Reproduce exactly the lines of this material that begin at the line with "Selasa 24 Agustus" and end at the line with "DIOR-KDB404 디올 버건디 깃털 스웨이드 가죽 슬링 백 발레리나 여성용", both included. Omit the pictures and everything else.

§ Input data
+ + +

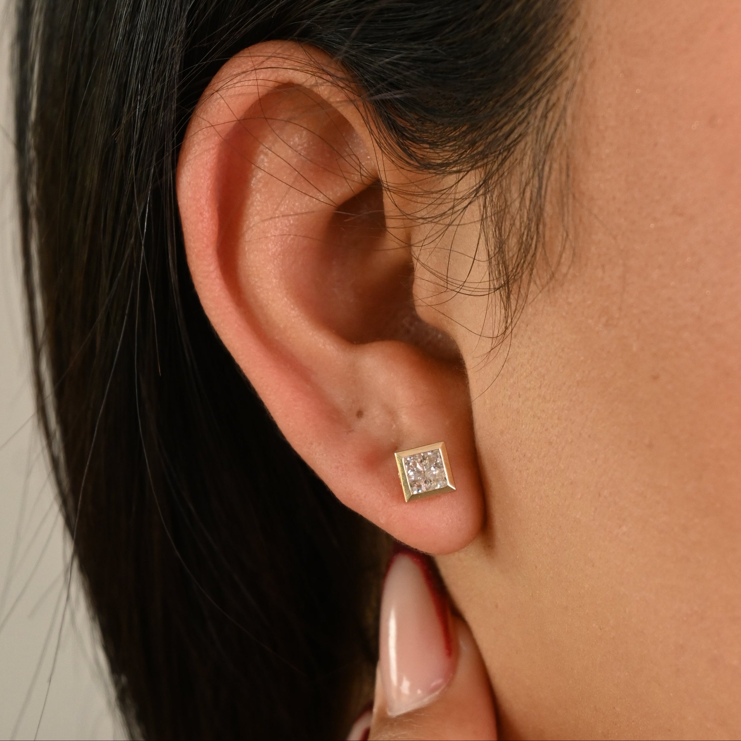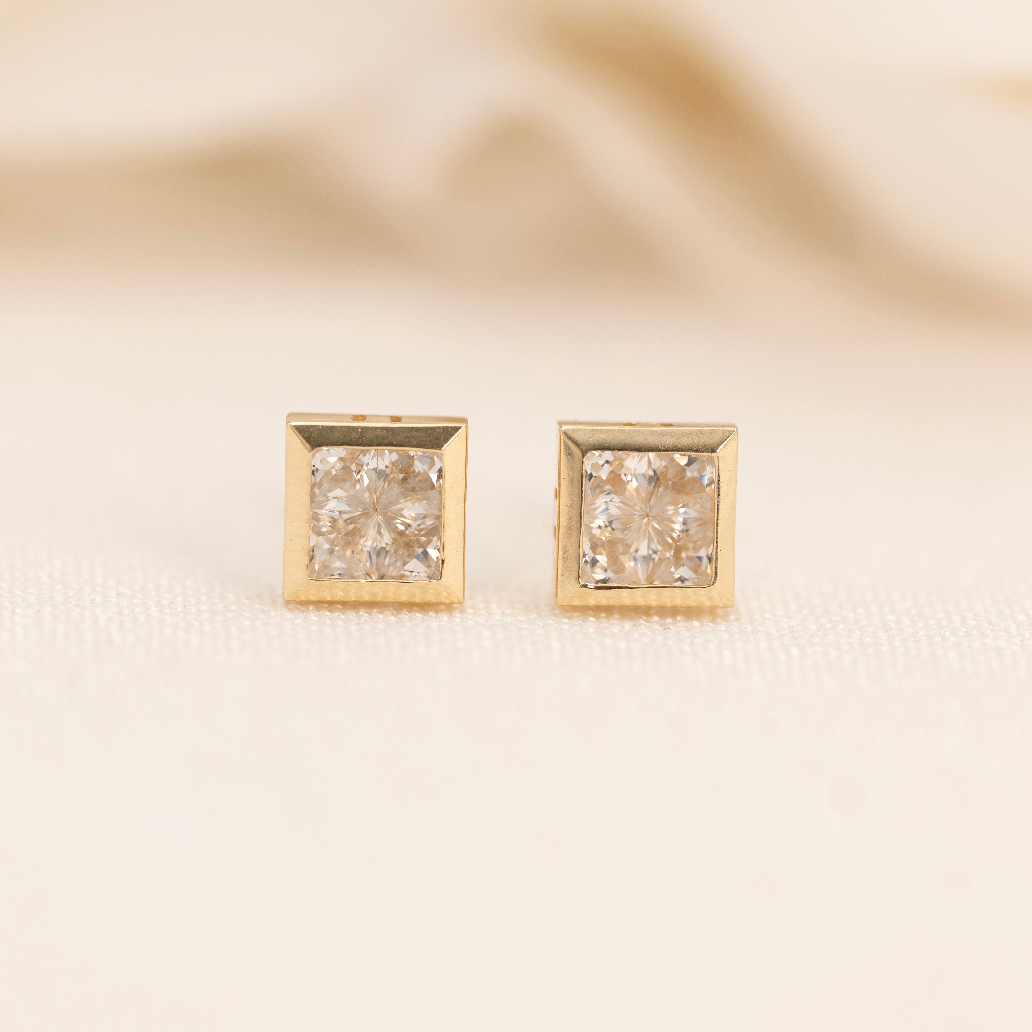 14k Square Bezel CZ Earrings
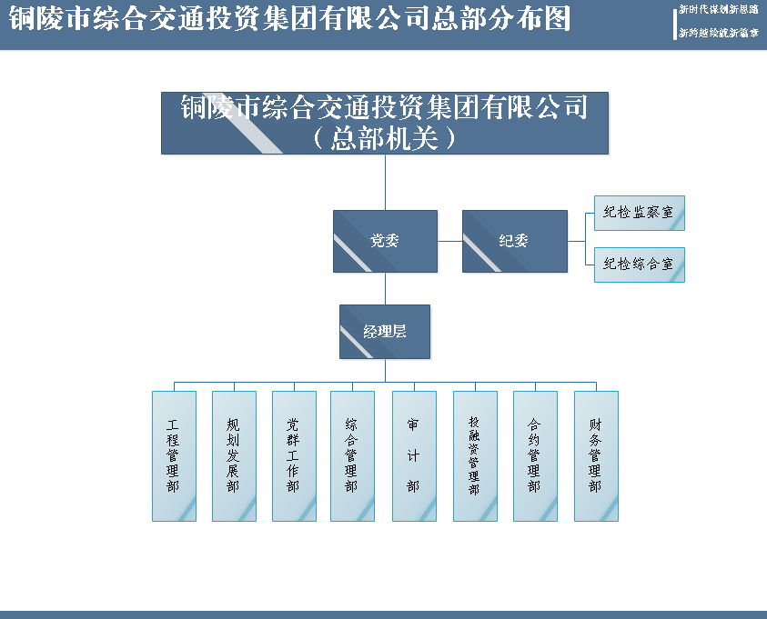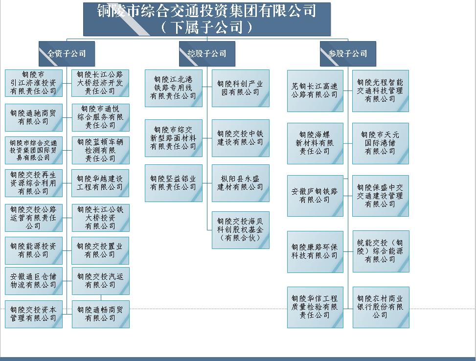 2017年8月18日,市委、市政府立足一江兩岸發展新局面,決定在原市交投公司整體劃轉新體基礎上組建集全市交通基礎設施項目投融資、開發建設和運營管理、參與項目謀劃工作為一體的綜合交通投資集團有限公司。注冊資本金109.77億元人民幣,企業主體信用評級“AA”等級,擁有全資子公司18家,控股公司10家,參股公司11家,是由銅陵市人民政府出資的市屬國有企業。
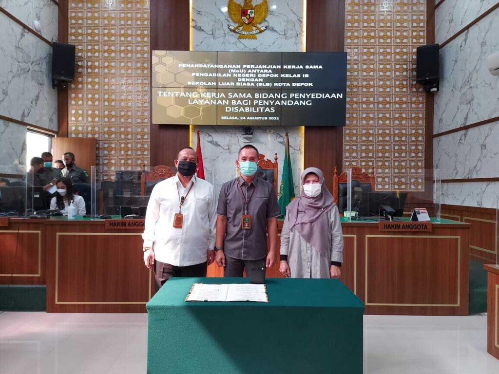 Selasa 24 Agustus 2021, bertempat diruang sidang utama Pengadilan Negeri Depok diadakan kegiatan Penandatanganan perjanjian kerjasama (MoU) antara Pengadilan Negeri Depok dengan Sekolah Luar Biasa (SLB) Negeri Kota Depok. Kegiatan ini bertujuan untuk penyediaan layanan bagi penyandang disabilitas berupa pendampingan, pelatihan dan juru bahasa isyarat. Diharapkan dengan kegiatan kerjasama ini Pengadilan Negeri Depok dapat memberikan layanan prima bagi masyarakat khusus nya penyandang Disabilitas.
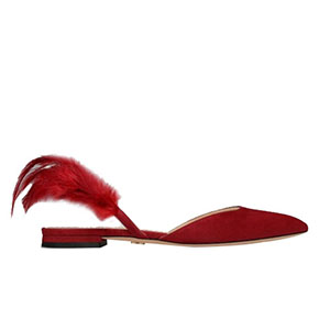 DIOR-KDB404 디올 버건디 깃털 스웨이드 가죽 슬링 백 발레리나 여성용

+ + +

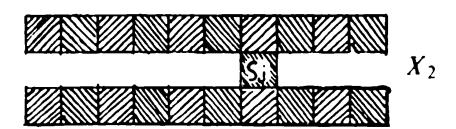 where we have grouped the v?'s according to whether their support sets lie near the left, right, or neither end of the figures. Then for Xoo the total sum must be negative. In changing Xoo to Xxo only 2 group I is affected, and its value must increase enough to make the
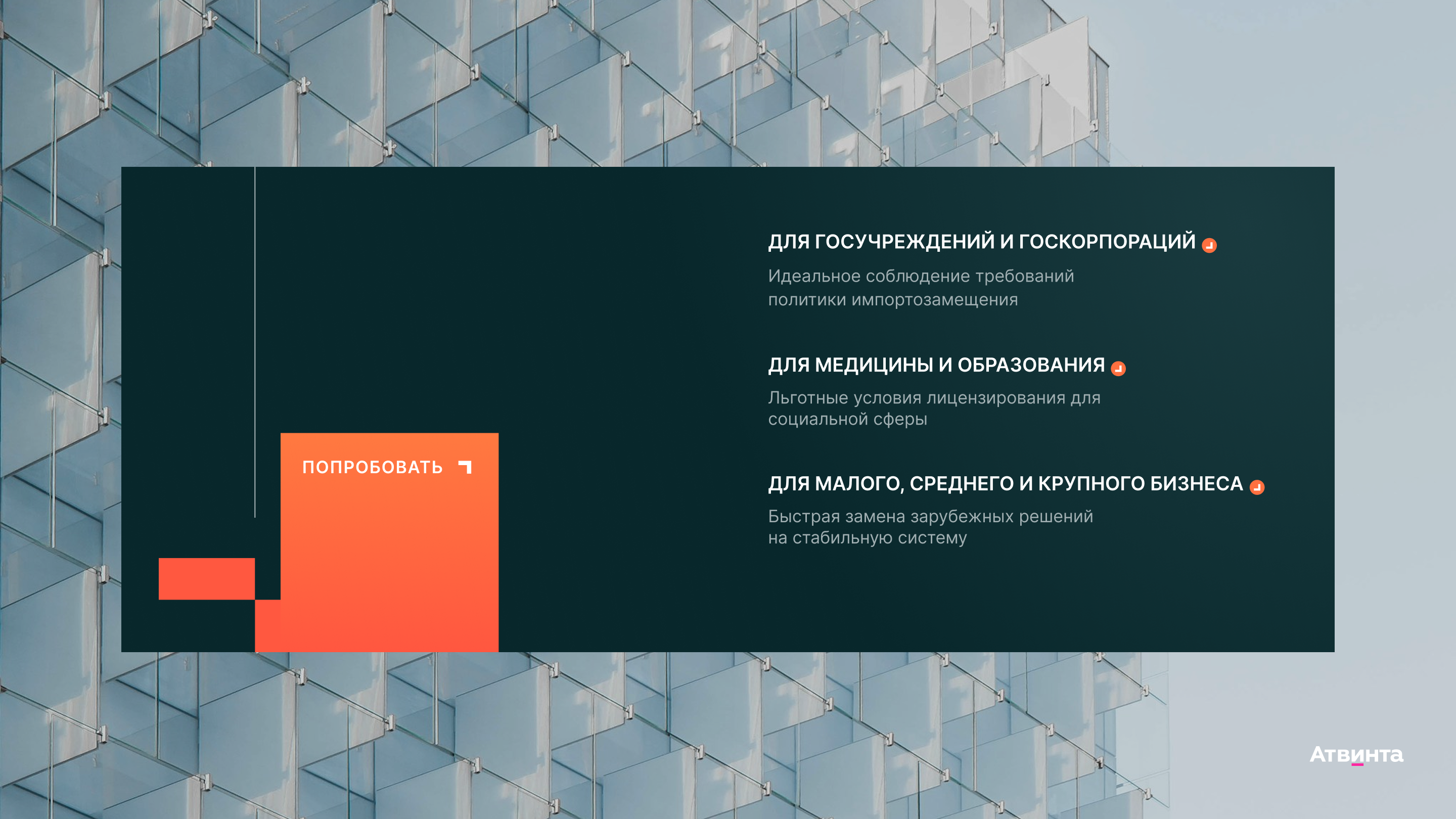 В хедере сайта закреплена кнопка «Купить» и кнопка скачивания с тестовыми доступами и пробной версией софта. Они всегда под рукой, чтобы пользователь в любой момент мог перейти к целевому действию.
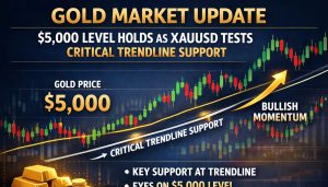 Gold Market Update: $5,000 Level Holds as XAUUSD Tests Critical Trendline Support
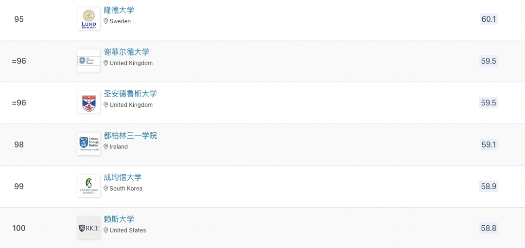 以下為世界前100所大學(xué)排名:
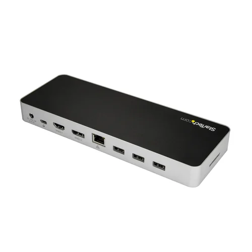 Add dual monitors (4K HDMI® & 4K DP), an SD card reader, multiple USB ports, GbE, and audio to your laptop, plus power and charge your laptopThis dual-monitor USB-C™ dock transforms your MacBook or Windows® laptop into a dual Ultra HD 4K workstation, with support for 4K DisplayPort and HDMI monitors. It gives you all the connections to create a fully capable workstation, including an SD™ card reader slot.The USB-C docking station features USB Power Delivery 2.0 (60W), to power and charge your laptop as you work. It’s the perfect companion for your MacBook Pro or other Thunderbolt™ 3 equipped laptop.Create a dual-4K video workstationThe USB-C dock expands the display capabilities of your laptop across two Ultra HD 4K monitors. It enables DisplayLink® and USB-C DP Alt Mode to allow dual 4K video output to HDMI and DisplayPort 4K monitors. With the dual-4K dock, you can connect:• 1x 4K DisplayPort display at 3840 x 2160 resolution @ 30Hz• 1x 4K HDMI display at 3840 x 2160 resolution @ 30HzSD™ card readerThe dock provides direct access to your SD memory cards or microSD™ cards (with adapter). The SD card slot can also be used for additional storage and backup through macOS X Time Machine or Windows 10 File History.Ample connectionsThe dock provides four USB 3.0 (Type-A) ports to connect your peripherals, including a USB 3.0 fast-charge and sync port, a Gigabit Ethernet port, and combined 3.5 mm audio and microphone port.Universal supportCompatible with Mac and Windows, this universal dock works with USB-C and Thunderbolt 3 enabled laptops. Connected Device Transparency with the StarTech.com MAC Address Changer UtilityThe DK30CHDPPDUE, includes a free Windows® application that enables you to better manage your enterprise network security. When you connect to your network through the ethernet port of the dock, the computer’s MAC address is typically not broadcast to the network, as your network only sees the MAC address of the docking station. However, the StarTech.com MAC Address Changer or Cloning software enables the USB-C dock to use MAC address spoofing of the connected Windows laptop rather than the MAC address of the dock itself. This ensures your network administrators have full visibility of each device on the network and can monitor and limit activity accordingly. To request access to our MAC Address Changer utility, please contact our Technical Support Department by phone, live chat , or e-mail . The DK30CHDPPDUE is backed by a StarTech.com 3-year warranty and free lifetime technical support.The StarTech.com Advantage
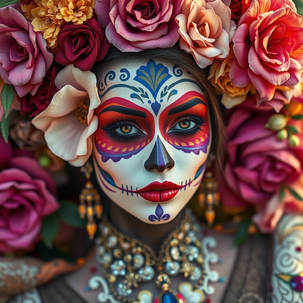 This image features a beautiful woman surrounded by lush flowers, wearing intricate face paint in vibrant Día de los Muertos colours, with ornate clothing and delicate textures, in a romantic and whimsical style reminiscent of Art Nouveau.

+ + +

§ Answer to the exercise
 Selasa 24 Agustus 2021, bertempat diruang sidang utama Pengadilan Negeri Depok diadakan kegiatan Penandatanganan perjanjian kerjasama (MoU) antara Pengadilan Negeri Depok dengan Sekolah Luar Biasa (SLB) Negeri Kota Depok. Kegiatan ini bertujuan untuk penyediaan layanan bagi penyandang disabilitas berupa pendampingan, pelatihan dan juru bahasa isyarat. Diharapkan dengan kegiatan kerjasama ini Pengadilan Negeri Depok dapat memberikan layanan prima bagi masyarakat khusus nya penyandang Disabilitas.
 DIOR-KDB404 디올 버건디 깃털 스웨이드 가죽 슬링 백 발레리나 여성용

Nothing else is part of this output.